Here are 13 mistakes we all wish we had known about without having to actually make them!
Mistake 1
Cutting acquisition quantity to improve this year’s fundraising ratios, but destroying your future revenue stream in the process. If you cut back on acquisition, you’ll have fewer current donors to cultivate next year and will start a downward revenue spiral that’s difficult to reverse.
Mistake 2
Hiring the wrong major gift leader. You don’t want a major gift leader who meddles with your successful direct response program instead of visiting with donors. Or one who tries to restrict direct response (DR) communication with donors based on how much they’ve given rather than based on who can actually be personally cultivated. Major gift officers should generate major gifts.
Mistake 3
Letting brand dictate fundraising messages instead of mandating that brand reinforce fundraising messages.
Mistake 4
Getting seduced by a consultant who claims to be able to acquire “higher value donors” and ending up getting too few donors to sustain your organization. The lesson is that you need a program that acquires those higher value donors plus all the other donors.
Mistake 5
Setting a target for your capital campaign but forgetting to include two years of operating budget in the total. The new building or new programs always cost more to operate than your current budget. By raising two years of operating costs up front, it gives you time to increase your revenue stream to meet the new operating budget.
Mistake 6
Cutting revenue-producing programs to address a budget shortfall. A wise accountant serving as a new board member addressed a nonprofit’s $100,000 budget shortfall. She suggested actually spending more money on revenue-producing activities. She correctly noted that the DR program raised $3 for every $1 spent. Increasing the DR budget by $50,000 raises $150,000 — with a net of $100,000 to solve the revenue shortfall.
Mistake 7
Accepting Watchdog standards. Don’t brag about your stars or puffs unless you operate a restaurant. Instead, teach donors to judge you by the impact of your programs, not by arbitrary – and often misleading — cost ratios.
Mistake 8
Chasing blindly after the next big thing. The fear of being left behind can cause us to leap before we look. Protect your core revenue streams, and budget separately for R&D into new approaches with dollars you can afford to lose.
Mistake 9
Making it look too easy. If people take your fundraising programs for granted, they’ll be tempted to water them down by mistakenly cutting frequency or insisting on more stories of success and less emphasis on need and urgency. Worse still, when the resulting fundraising efforts fail — they will — it will be blamed on the channel or the donors or your department, rather than on the dilution of the strategy.
Mistake 10
Forgetting to test. Why would anyone abandon a control for something new without testing? Maybe they’re afraid to be proven wrong, or because testing is difficult, or testing costs more, or maybe they just can’t imagine that their idea could fail. Always test.
Mistake 11
Believing that you are the target audience. Meet the donors where they are, rather than where you wish they were.
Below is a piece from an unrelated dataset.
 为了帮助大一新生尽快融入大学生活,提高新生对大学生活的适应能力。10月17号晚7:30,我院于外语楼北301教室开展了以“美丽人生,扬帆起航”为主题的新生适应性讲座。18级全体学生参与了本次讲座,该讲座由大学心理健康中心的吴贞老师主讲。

Make it easy for donors to financially support programs that they are passionate about, not programs that you (or your program people) wish donors were passionate about. In the same vein: use media, spokespeople, music, video, and language that appeal to your donors rather than to you or your staff.
Mistake 12
Being so afraid of being called a micro-manager that you don’t manage enough. It’s irresponsible to stand by and watch your people make mistakes that you know, from experience, will damage your organization. Sure, you sometimes need to allow them to learn from their own mistakes – on the small stuff. But on important matters, you owe it to your organization, your people and yourself to teach your staff the right things to do and the right way to do them. If there’s one thing experience teaches us the hard way, it’s that not all ideas are of equal value.
Mistake 13
Being afraid to fire someone. If someone is not succeeding in his position, he is hurting the cause you represent and likely demoralizing other employees. Your organization deserves top-performing employees. If someone isn’t cutting it, even after you’ve worked to help her improve, let her go. It will allow you to hire someone better, and will allow the exiting employee to find a position where she’ll contribute more and be more highly valued.
There may only be seven deadly sins, but there are myriad marketing missteps. If you have others to add, I’d love to hear from you.